Scheduling · 2026 comparison

Cal.com vs Reclaim

Both are scheduling tools. Here's how Cal.com and Reclaim compare on pricing, fit, and use case — and where a one-bundle alternative replaces both.

Cal.com

Scheduling

$0 to $15/seat/month

Open-source scheduling platform.

Best for: Open-source-first teams and self-hosters who want full control over their scheduling stack. Cal.com is the right call if you're optimizing for sovereignty and flexibility.

Wysera vs Cal.com

Reclaim

AI scheduling

$0 to $18/seat/month

AI calendar for tasks and habits.

Best for: Individual operators, ICs, and small teams whose main constraint is personal calendar management and habit scheduling. Reclaim is sharper for personal AI calendar when the work is already drafted.

Wysera vs Reclaim

At a glance

Cal.com
Reclaim
Category
Scheduling
AI scheduling
Starting price
$0 to $15/seat/month
$0 to $18/seat/month
Positioning
Open-source scheduling platform
AI calendar for tasks and habits

How Cal.com and Reclaim compare

Cal.com is open-source scheduling with a strong, mature feature set: booking links, availability, routing, workflows, and self-hosting. OpsWyse ships its own native scheduler instead: a month, week and list calendar, per-day availability with overrides and buffers, Google, Outlook and Zoho sync over OAuth, and a no-auth public booking page. On pure scheduling depth and flexibility, Cal.com is ahead. OpsWyse's edge is everything around the meeting: Wyse drafts the pre-call brief, the post-call summary, and the next-step follow-up, and every booking links back to its CRM record.
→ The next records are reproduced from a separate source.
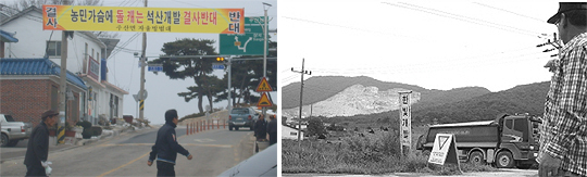 배멧산 석산개발로 인해 12년 가까이 소음·진동·먼지 등으로 고통을 받고 있는 부안군 주산면 주민들이 새로운 업체의 토석채취 허가 신청에 대해 반대하는 현수막(왼쪽 사진)을 내걸고 있다. 현재 토석을 채취하고 있는 2개의 석산개발업체가 채취 허가면적을 확대 신청 할 당시 본보(지난 2009년 7월 8일)에 보도된 현장 모습. 홍동기(hongdk@jjan.kr)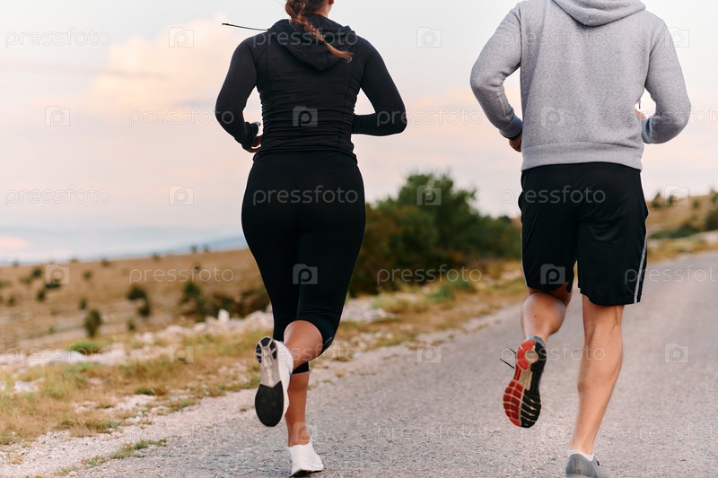 Бодрящая утренняя пробежка для пары в горах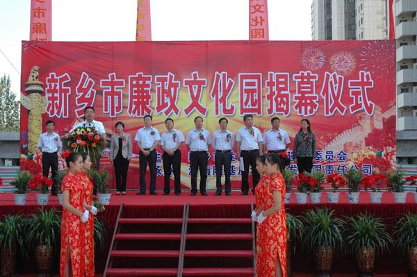 9月28日,新乡市领导王炳奇、贾全明为位于和平大道南段的市廉政文化园揭幕。
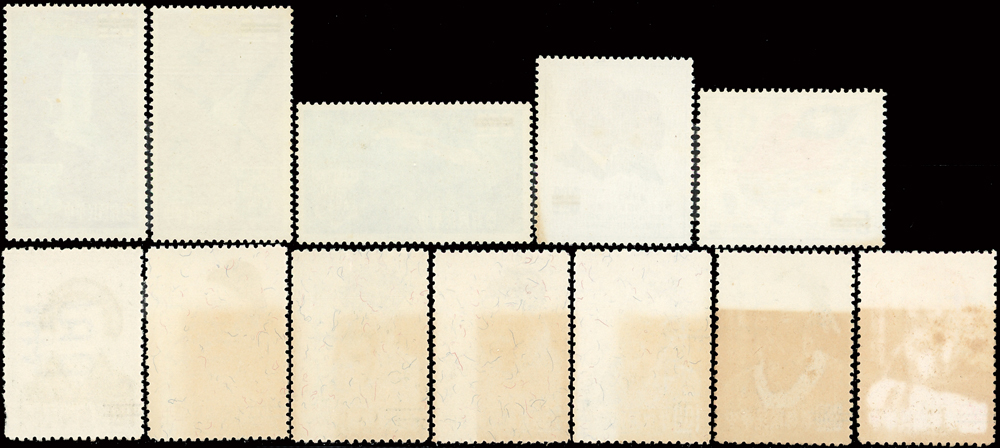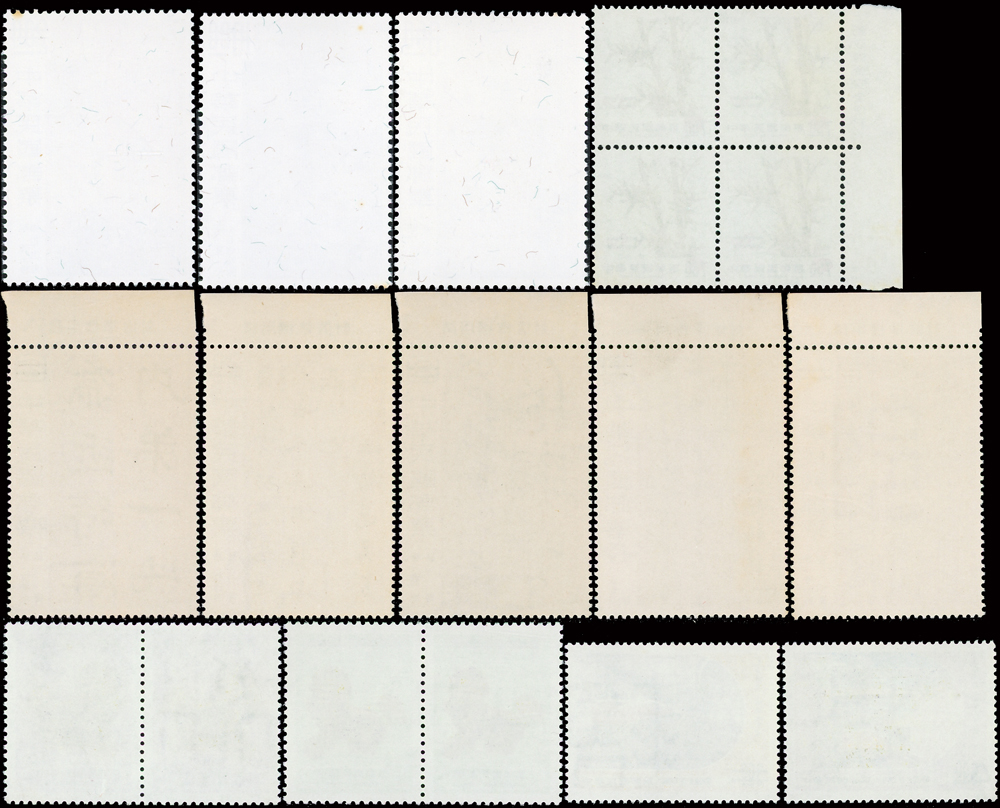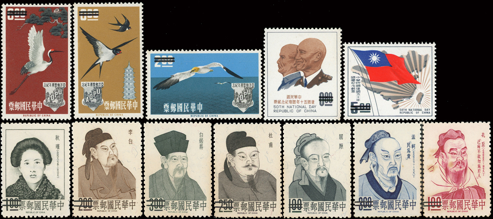 樣票:台灣中近期套票15套,包括:中華民國建國五十年國慶紀念,書法藝術,宋人十八學士圖古畫,歲寒三友圖古畫,秋瑾,孔子、孟子,中國詩人,亞洋郵盟週年,交通建設-鐵路地下化各1套,無面值郵票2套,松竹梅改值4方連,多數背面淡黃或齒緣淡黃,VF-F(Page 105)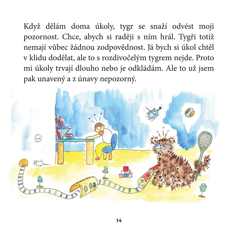 Nejžhavějším tématem současnosti, které se dotýká téměř všech rodičů, pedagogů a samozřejmě mnoha dětí, je ADHD. Strašák, který děsí rodiče i pedagogy. Kniha „Tygr dělá uáá uáá…“ je ojedinělým náhledem do dětské duše, napsaná podle skutečných příběhů dětí právě s tímto syndromem, a to především ve formě hyperaktivity.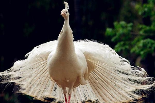 4、白孔雀:白孔雀属于鸡形目雉科孔雀属鸟类,全身洁白无瑕,羽毛无杂色,眼睛呈淡红色。开屏时,白孔雀就像一位美丽端庄的少女,穿着一件雪白高贵的婚纱,左右摆动,翩翩起舞,非常美丽。白孔雀是印度孔雀的变异,平均一千只蓝孔雀中才能变异出一只白孔雀,黑孔雀低于千分之一。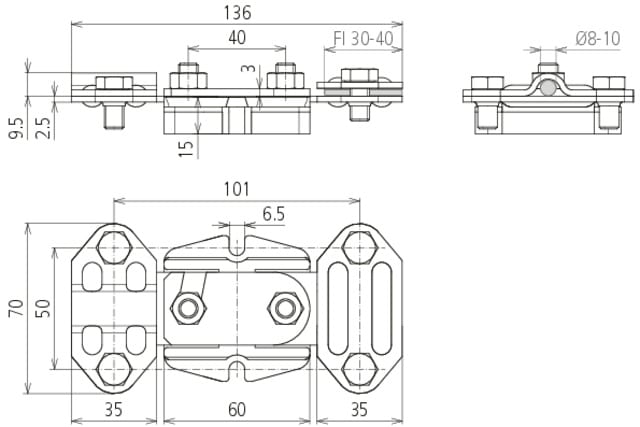 ampiezza conduttore piatto 1 - 30÷40 mm

Reclaim is an AI calendar assistant similar to Motion: tasks and habits auto-schedule into open slots, meetings get rearranged automatically, focus time gets defended. It's a personal productivity tool. Wysera plays in a different lane: Wyse drafts marketing content, CRM follow-ups, and lifecycle email so there's less manual work for Reclaim to schedule in the first place.

Which should you choose?

Pick Cal.com if you fit its sweet spot: Open-source-first teams and self-hosters who want full control over their scheduling stack. Cal.com is the right call if you're optimizing for sovereignty and flexibility. Pick Reclaim if you're closer to Individual operators, ICs, and small teams whose main constraint is personal calendar management and habit scheduling. Reclaim is sharper for personal AI calendar when the work is already drafted. If your real problem is paying for too many overlapping tools, neither single choice solves it — that's the case for consolidation.

The third option

Or replace both with one $299/month bundle

If you're comparing Cal.com and Reclaim to cut cost or tool sprawl, Wysera is the consolidation play: marketing (PostWyse), CRM and operations (OpsWyse), and an agent (Wyse) that drafts and executes across both — replacing several scheduling and adjacent tools at once, with a confirm-before-execute step.

Frequently asked

Is Cal.com or Reclaim better?

Neither is universally better — they fit different teams. Cal.com is best for Open-source-first teams and self-hosters who want full control over their scheduling stack. Cal.com is the right call if you're optimizing for sovereignty and flexibility. Reclaim is best for Individual operators, ICs, and small teams whose main constraint is personal calendar management and habit scheduling. Reclaim is sharper for personal AI calendar when the work is already drafted. If you're consolidating a wider stack rather than picking one scheduling tool, a bundle like Wysera replaces both plus the tools around them.

Cal.com vs Reclaim: which is cheaper?

Cal.com ($0 to $15/seat/month) and Reclaim ($0 to $18/seat/month) are priced comparably at entry. Total cost depends on seats, contacts, and add-ons at your size, so model it at your real numbers.

What's a good alternative to both Cal.com and Reclaim?

If you're weighing Cal.com against Reclaim mainly to cut cost or tool sprawl, Wysera is the consolidation option: one $299/month bundle covering marketing (PostWyse), CRM and operations (OpsWyse), and an agent that works across both — replacing several scheduling and adjacent tools at once.